Publication number: CN114886897A
Application number: CN202210522932.7A
Authority: CN
Inventors: 杨凌; 马红红; 李小东; 马红; 陈国良; 赵晓华; 石雅洁; 付晓玲
Original assignee: Wuxi Eryun Technology Co ltd
Current assignee: Wuxi Eryun Technology Co ltd
Priority date: 2022-05-13
Filing date: 2022-05-13
Publication date: 2022-08-12

Abstract

The invention discloses a pharmaceutical composition containing theophylline acetaldehyde or hydrate thereof, and a preparation method and application thereof, wherein the pharmaceutical composition comprises the theophylline acetaldehyde or hydrate thereof and NAD, wherein the molar mass ratio of the theophylline acetaldehyde or hydrate thereof to the NAD is (1-2): (0.5-1): 2-5) ⁺ And ALDHs. (1) The pharmaceutical composition can be applied to the field of preparing medicaments for organ injury (including heart, liver, lung, kidney and other injuries), eye diseases, inflammation, asthma and the like caused by antioxidant stress by increasing the generation of intracellular antioxidant NADH (nicotinamide adenine dinucleotide), further inhibiting the generation and development of oxidative stress through multiple paths, enriches the types of relevant medicaments for preparing the antioxidant stress, the inflammation resistance and the like, and provides brand-new selection and strategies for preparing the medicaments for the oxidative stress organ injury and the inflammatory diseases; (2) the pharmaceutical composition has simple components, low toxicity and side effects.

Description

Pharmaceutical composition containing theophylline acetaldehyde or hydrate thereof, and preparation method and application thereof

Technical Field

The invention belongs to the technical field of pharmaceutical chemistry, and relates to a new application of a xanthine aldehyde compound, in particular to a pharmaceutical composition containing theophylline acetaldehyde or hydrate thereof, and a preparation method and an application thereof.

Background

Oxidative stress is thought to be caused by a lack of balance between pro-oxidants and antioxidants, a certain number of ROS are necessary for cell signaling and maintenance of redox homeostasis, but excessive ROS/RNS production can disrupt the organism's defense system, which is called oxidative stress.
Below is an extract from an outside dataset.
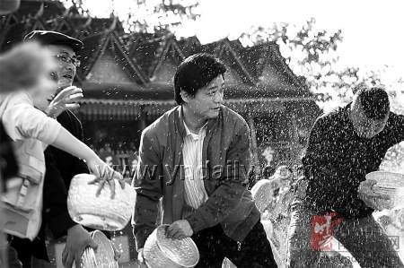 1点30分,傣族园景区和西双版纳州民族歌舞团的百名傣家少女,开始穿着鲜艳的傣装进入泼水广场,与崔永元等5人进行泼水表演拍摄。崔永元与另外两男一女3名演员由于还要进行后面的节目拍摄,在泼水中成了重点保护对象,不许将水泼到他们身上。4人手抬银钵在泼水人群中悠闲地转来转去,偶尔有水珠溅到脸上,化妆师都要迅速上前给他们擦干补上妆,然后再接着拍摄。相对崔永元来说,那名全身黝黑的外籍演员就惨多了,在整个泼水拍摄的两个多小时里,100余名傣家少女一直抬着圣水对着这名老外狂泼,很有无处躲藏的意思。
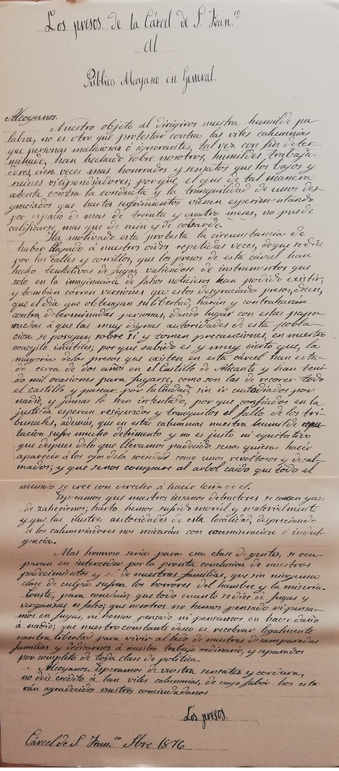 Hoja – Los Presos de 1873 al Público Alcoyano – septiembre 1876 – 1

Sustained attack of endogenous and exogenous ROS results in altered conformation and oxidation state of key biomolecules, such as oxidative modifications of key biomolecules by oxidative stress: lipid peroxidation, protein carbonylation, carbonyl (aldehyde/ketone) adduct formation, nitration, sulfoxidation, DNA damage (such as strand breakage or nucleobase oxidation), and the like. An antioxidant is a compound that prevents or retards oxidation, and its mechanism of action can be divided into various types, such as by inhibiting the formation of free radical species to prevent the oxidation process. These antioxidants act very rapidly and can neutralize any free radicals which may lead to the generation of other free radicals or any chemical species which may be converted into free radicals, e.g. alsoThe prototype Nicotinamide Adenine Dinucleotide (NADH) has the reduction function of directly eliminating part of free radicals, and experiments also prove that the NADH can eliminate hydrogen peroxide in nerve cells and help prevent neurodegenerative diseases. Free radical scavenging antioxidants are also a mechanism of antioxidant stress in which the scavenging of ROS is exerted by electron transfer, typically hydrophilic antioxidants (ascorbic acid, glutathione, uric acid) and lipophilic antioxidants (alpha-tocopherol and panthenol). Repair following free radical damage is also an antioxidant mechanism, and such antioxidants are also known as "de novo" antioxidants. This group consists of enzymes that repair damaged DNA, lipids and proteins. NADH, as mentioned above, releases biohydrogen which is oxidized to Nicotinamide Adenine Dinucleotide (NAD) after supplying energy for ATP synthesis ⁺ ) Complement cellular NAD ⁺ A library. NAD (nicotinamide adenine dinucleotide) ⁺ Poly [ ADP-ribose as DNA repair enzyme]The only coenzyme for polymerase 1(PARP1) is an essential substance involved in DNA repair. The body also has adaptive mechanisms for free radicals, and in the body, the signals generated by free radicals induce sufficient antioxidant synthesis and transport to the appropriate sites.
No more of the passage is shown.